Сую Оленьке плед. Расстилает. Скидываю с себя куртку, обувь и костюм, застревая то плечами, то бедром. Все же маловато места в моем большом Range Rover. Потом начинается самое интересное: я раздеваю Олюшку, сдерживаясь изо всех сил, даже слегка подпрыгивая от нетерпения. Белая шубка, шарф, короткие сапоги, скромная прямая юбка, пиджак…

Постепенно из-под одежды раскрывается красота ее тела, плавные линии форм, таких форм!.. Картина маслом! Она у меня и стройная, и округлая там, где надо - «гитара».

Мама дорогая! Сердце бахает, как сумасшедшее. Живо вспоминаю, как я в Крым гнал машину, чтобы только разок посмотреть на все это великолепие.

Целую все, что открывается взгляду, каждый сантиметр, восхищаясь ее телом всем своим существом.

- Мне холодно, - вдруг шепчет она.

- Сейчас все будет, малыш!

С сожалением набрасываю на нее второй плед. Вроде здесь тепло, но быстро подстраиваю климат-контроль под нужды моего нежного цветочка. Скидываю с себя все оставшееся, забираюсь под одеяло и продолжаю там раздевать ее, теперь больше наощупь, и гладить, гладить... Пальцы наслаждаются ее бархатистой кожей. Оля то помогает мне, то обнимает, прижимаясь ко мне, как я понимаю, изо всех сил.

Мерзкие синтетические колготки упираются и путаются, отказываясь сползать. Под конец я просто зверею и стаскиваю их зубами. Бюстгальтер и тонкие трикотажные трусики тоже долой. Я накрываю жену собой, входя сразу почти до упора и замерев на миг от полноты ощущений.

Волшебно. Ничего и никого между нами. Мы – целые, мы - первые люди на Земле. Моя Ева протяжно ахает и вытаращивает глаза, гибко прогибаясь подо мной. Вот это – настоящая жизнь.

Мы пока что не предохраняемся – врачи говорят, первые пару месяцев кормления грудью, да еще двойняшек, и тем более пацанов, должны быть безопасны. Ну, а если вдруг… Значит, Денисовых станет больше.

Утыкаюсь лицом между Олиных полушарий, чувствуя слабый запах молока и детей, мысленно уплывая по молочной реке. Самозабвенно работаю бедрами, сгорбившись. Хочу попасть глубже, еще глубже.
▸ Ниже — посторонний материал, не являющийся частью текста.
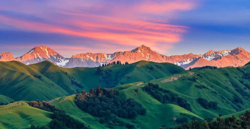 上文在介绍新疆的景区门票时,我只罗列了新疆伊犁以及附近的景点,那便是因为5-8月是新疆伊犁最美的时候。5月中旬开始,伊犁河谷的水草从漫长的冬眠中醒来,变得绿意盎然。处处草长莺飞,山花遍野,牛羊成群,沿着哈萨克族的山路翻越连绵起伏的鲜绿草原,逶迤的雪山迷人眼,蓝天白云触手可及。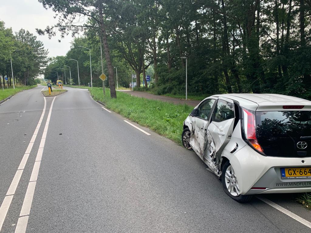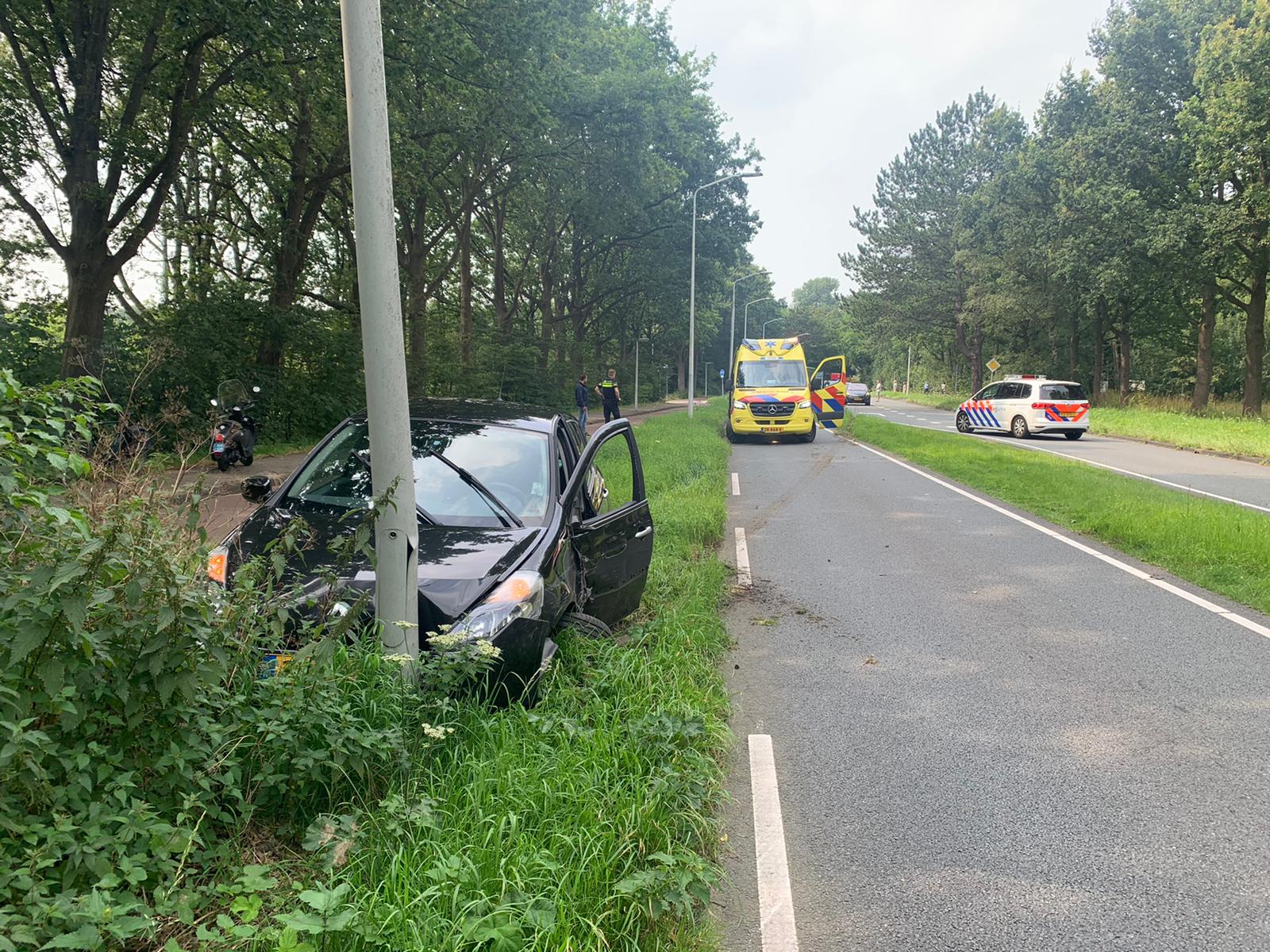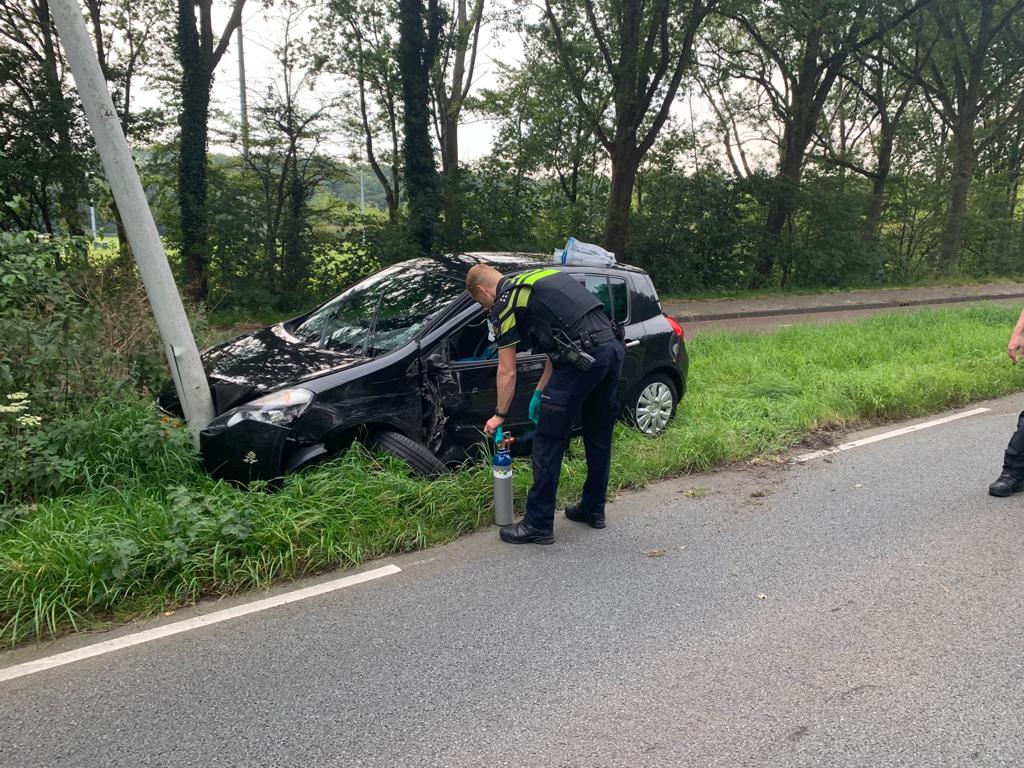 Op de Oegstgeesterweg tussen Leiden en Oegstgeest heeft een automobilist rond 15.15 uur een tegemoetkomende witte auto geschampt. Die (witte) auto spinde en kwam achterstevoren in de berm terecht. De bestuurder van de zwarte auto is vervolgens links langs de vluchtheuvel gereden en vanaf de linkerbaan via de middenberm weer naar zijn eigen weghelft gereden. Daar is hij tegen een lichtmast gebotst.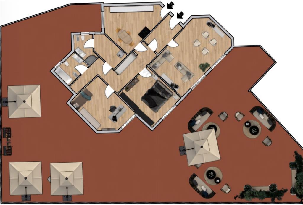 I due bagni e la stanza di servizio completano la funzionalità di questo appartamento, rendendolo adatto a famiglie o a chi cerca ampi spazi.

Со стоном отрываюсь от недоласканной пышной груди и впиваюсь в губы. Вкус своей женщины невозможно забыть, сегодня он буквально преследует меня после того, как я забегал к ней в кабинет. Разбирались с экономистом, а я на губах все еще чувствовал нежный и терпкий вкус моей любимой.

Вылизываю ее ласковый отзывчивый рот, играю с языком. Потом отрываюсь и привстаю на руках, любуясь довольным и страстным выражением ее совершенного лица и не прекращая важный процесс в точке проникновения.

Она глядит на меня, не отрываясь, словно поощряя; как меня это заводит! Не знаю, может ли ей быть сейчас холодно, если я повсюду чувствую жар ее тела?

Только успеваю нашептать ей, вернее нахрипеть, что ее красивые стройные голени хорошо бы смотрелись на моих плечах, как она обнимает меня ногами под ягодицами и вся прогибается в спине.

Чувствую исступление, ускоряюсь и молочу в ее мягкие складочки, сочащиеся влагой. В какой-то момент я даже начинаю задыхаться, забыв, что надо дышать. Что ты со мной делаешь?! Я же не существую без тебя…

Наконец она слабо подергивается подо мной, ее глаза блаженно прикрываются, губы после протяжного стона складываются в полуулыбку, тело полностью расслабляется. В ложбинке между грудей вижу бисеринки пота. Обожаю видеть ее такой, покоренной.

- Ты моя. Люблю тебя, - бормочу на последних толчках, сжимая ее талию.

Вдруг мимо нас проезжает черный БМВ, водитель что-то кричит мне и еще и сигналит, козел, сбивая с ритма.

- Завидуй молча, мудак! – ору вслед, возмущаясь.